# Dataset section

= Beginning of Section =

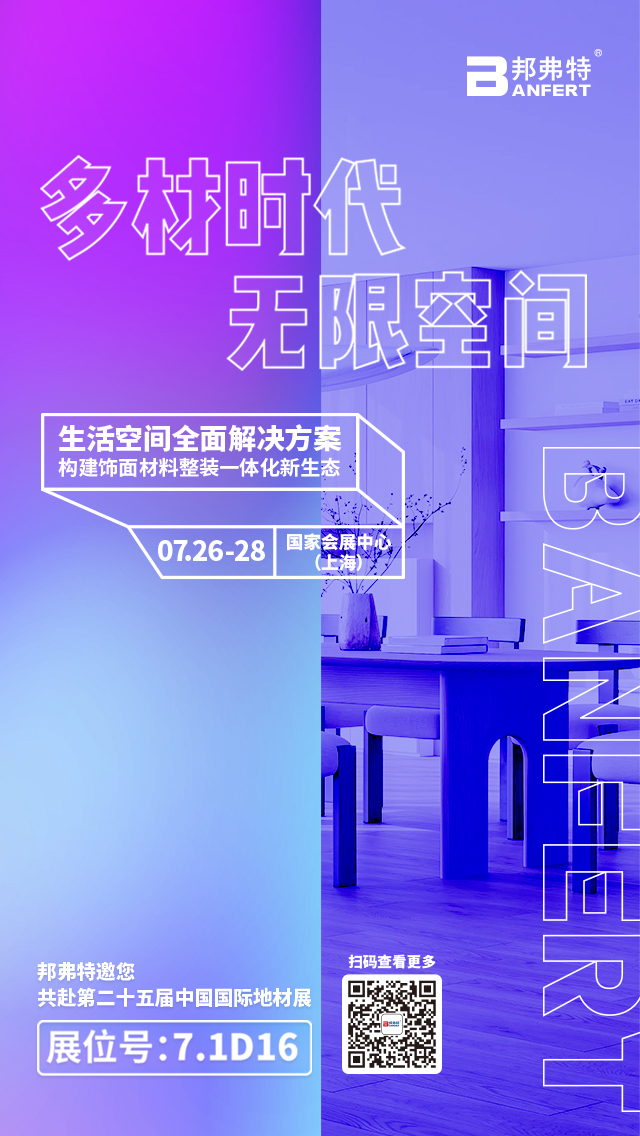 2023中國(guo)國際地(di)麵(mian)材(cai)料(liao)及舖(pu)裝(zhuang)技(ji)術(shu)展(zhan)覽會(hui)X邦(bang)弗(fu)特(te)“多(duo)材(cai)時(shi)代·無限空間(jian)”展(zhan)廳(ting)將于7.26-28盛(sheng)大啟幙(mu),誠(cheng)邀您(nin)前來觀展(zhan)。
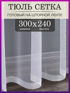 Тюль в спальню 300х250 см готовый на ленте с утяжелителем
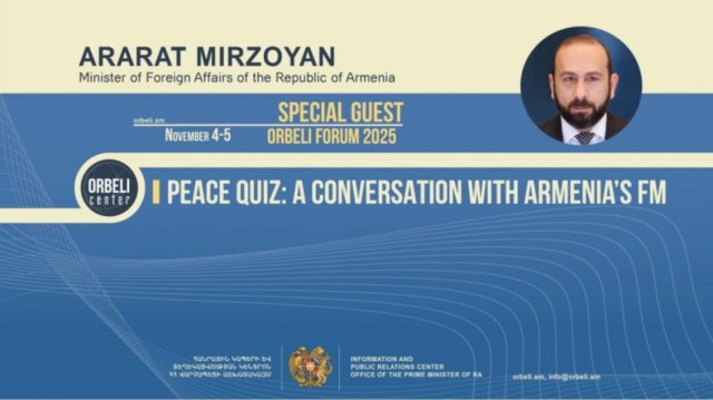 Նոյեմբերի 5-ին ՀՀ ԱԳ նախարար Արարատ Միրզոյանը կմասնակցի Օրբելի վերլուծական կենտրոնի կողմից կազմակերպված համաժողովին՝ «Խաղաղության քուիզ. զրույց Հայաստանի արտաքին գործերի նախարարի հետ» խորագրի ներքո: Այս մասին տեղեկանում ենք ԱԳՆ-ից։
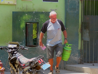 Über Internet (I-Overlander) suchen wir nach der nächsten Propangas-Station. In Piura ist das Füllen unserer aus Kolumbien mitgebrachten Gasflasche möglich. Wir finden Costagas in einem Handwerker-Viertel. Sigo gibt die Flasche anonym durch eine Luke in der Mauer ab … 10 Minuten später kommt sie auf dem selben Weg gefüllt wieder zurück. Der zugerufene Preis wird ebenfalls durch die Luke bezahlt … und ab geht die Post, ohne den Mitarbeiter persönlich gesehen zu haben.

= End of Section =

Begin with the line holding "Նոյեմբերի 5-ին ՀՀ" and end with the last line of the listing. Reproduce each of those lines exactly, and leave every picture out.

 Նոյեմբերի 5-ին ՀՀ ԱԳ նախարար Արարատ Միրզոյանը կմասնակցի Օրբելի վերլուծական կենտրոնի կողմից կազմակերպված համաժողովին՝ «Խաղաղության քուիզ. զրույց Հայաստանի արտաքին գործերի նախարարի հետ» խորագրի ներքո: Այս մասին տեղեկանում ենք ԱԳՆ-ից։
 Über Internet (I-Overlander) suchen wir nach der nächsten Propangas-Station. In Piura ist das Füllen unserer aus Kolumbien mitgebrachten Gasflasche möglich. Wir finden Costagas in einem Handwerker-Viertel. Sigo gibt die Flasche anonym durch eine Luke in der Mauer ab … 10 Minuten später kommt sie auf dem selben Weg gefüllt wieder zurück. Der zugerufene Preis wird ebenfalls durch die Luke bezahlt … und ab geht die Post, ohne den Mitarbeiter persönlich gesehen zu haben.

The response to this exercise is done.